My problem was that I was normalizing velocity vectors with zero length. If you normalize those, you divide by zero, resulting in NaN.
You can fix this by simply performing a check whether your velocity's length is zero before using it in any further calculations.
I hope this helps!
Uhm I know it's an old question, but I noticed something and maybe it can be useful to somebody, so...
I think there's a problem here:
v.x = (v.x + self._rooms[_agent].startX - self._rooms[i].startX) * distance
v.y = (v.y + self._rooms[_agent].startY - self._rooms[i].startY) * distance
Why do you multiply these equations by the distance?
"(self._rooms[_agent].startX - self._rooms[i].startX)" already contains the (squared) distance!
Plus, multiplying everything by "distance" you modify your previous results stored in v!
If at least you put the "v.x" outside the bracket, the result would just be higher, the normalize function will fix it. Although that's some useless calculation...
By the way I'm pretty sure the code should be like:
v.x = v.x + (self._rooms[_agent].startX - self._rooms[i].startX)
v.y = v.y + (self._rooms[_agent].startY - self._rooms[i].startY)
I'll make an example. Imagine you have your main agent in (0,0) and three neighbours in (0,-2), (-2,0) and (0,2).
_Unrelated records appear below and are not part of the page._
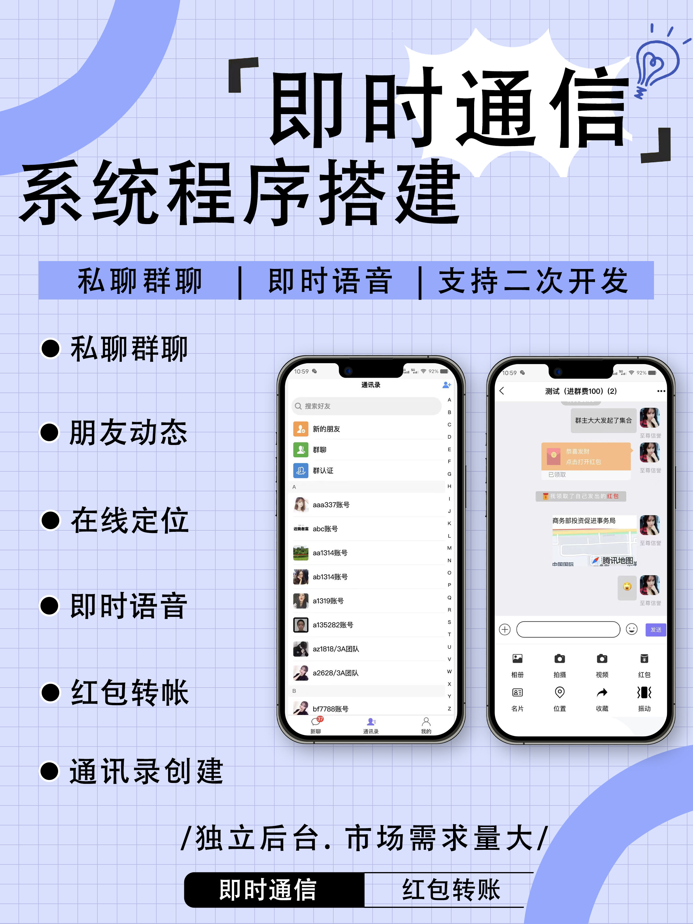 即时通讯小程序开发案例,可H5源码搭建 小程序开发,软件开发,网页开发app开发定制。价格优惠,大佬带队,价格实惠后台强大,专业定制
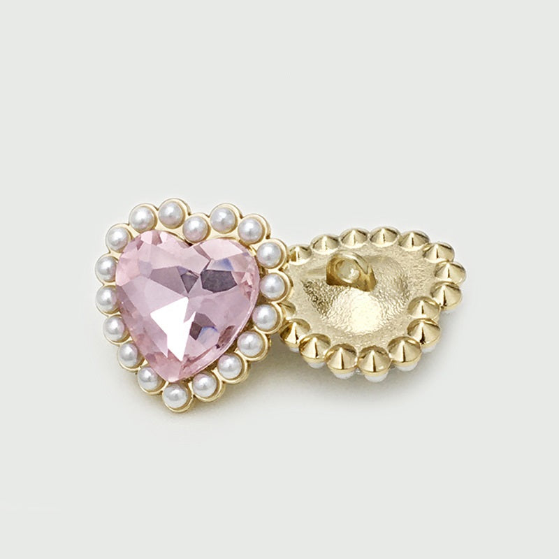 20mm Captivating Pink & White Heart-shaped Metal Buttons with Diamonds and Pearls 12pcs
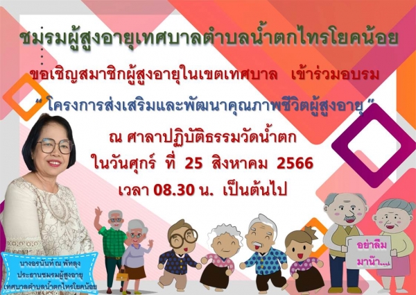 ขอเชิญสมาชิกผู้สูงอายุในเขตเทศบาลตำบลน้ำตกไทรโยคน้อย เข้าร่วมอบรม "โครงการส่งเสริมและพัฒนาคุณภาพชีวิตผู้สูงอายุ"
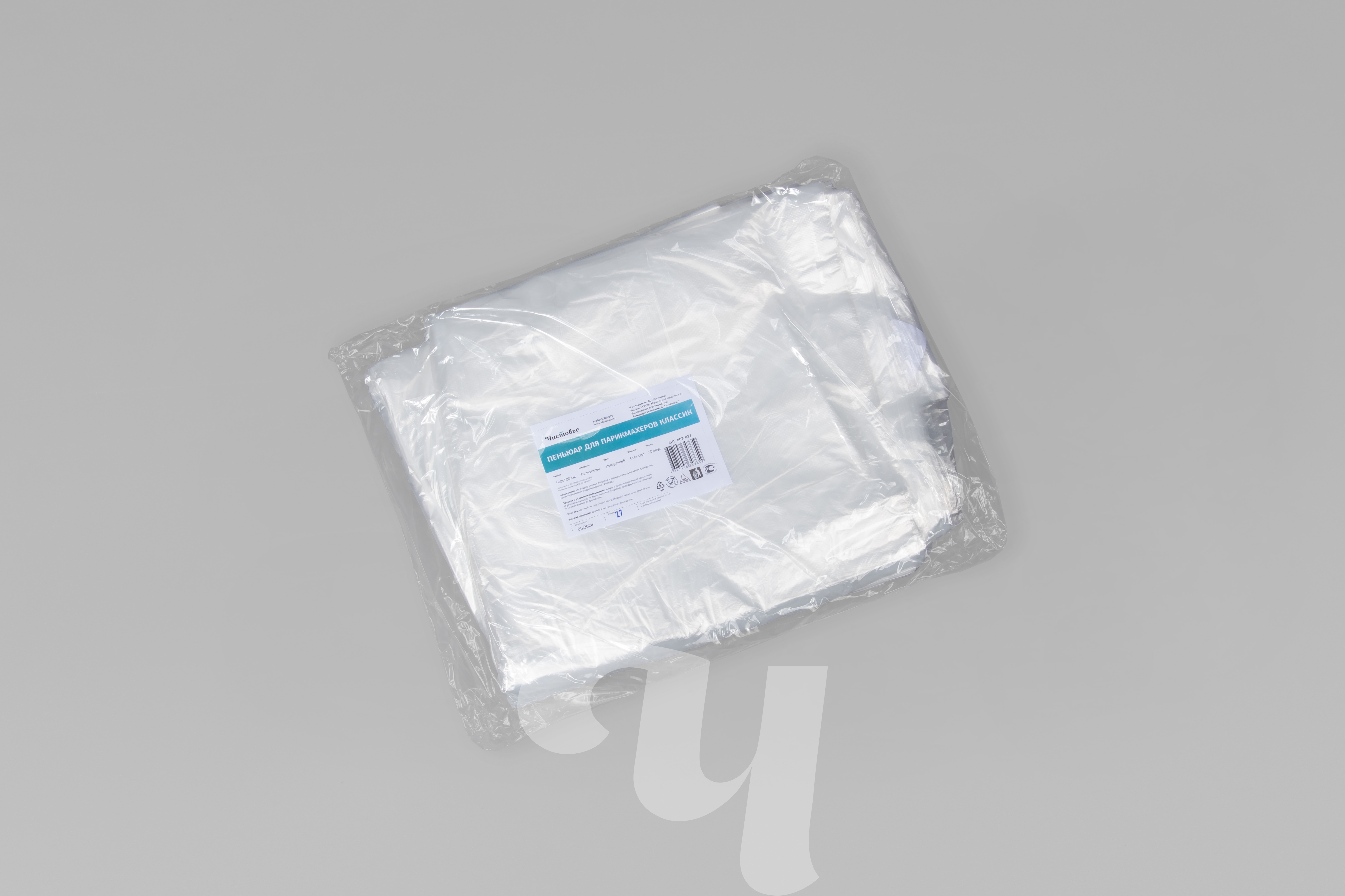 Одноразовые пеньюары Классик из полиэтилена препятствуют попаданию воды, краски, лаков или других косметических веществ на одежду клиентов. Используются во время стрижек, окрашивания или химической завивки волос. Толщина полиэтилена 8-10 мкм.

A separation steering behaviour would move the main agent toward the X axis, at a normalized direction of (1,0).
Let's focus only on the Y component of the result vector.
The math should be something like this:
--Iteration 1
v.y = 0 + ( 0 + 2 )
--Iteration 2
v.y = 2 + ( 0 - 0 )
--Iteration 3
v.y = 2 + ( 0 - 2 )
--Result
v.y = 0
Which is consistent with our theory.
This is what your code do:
(note that the distance is always 2)
--Iteration 1
v.y = ( 0 + 0 + 2 ) * 2
--Iteration 2
v.y = ( 4 + 0 - 0 ) * 2
--Iteration 3
v.y = ( 8 + 0 - 2 ) * 2
--Result
v.y = 12
And if I got the separation steering behaviour right this can't be correct.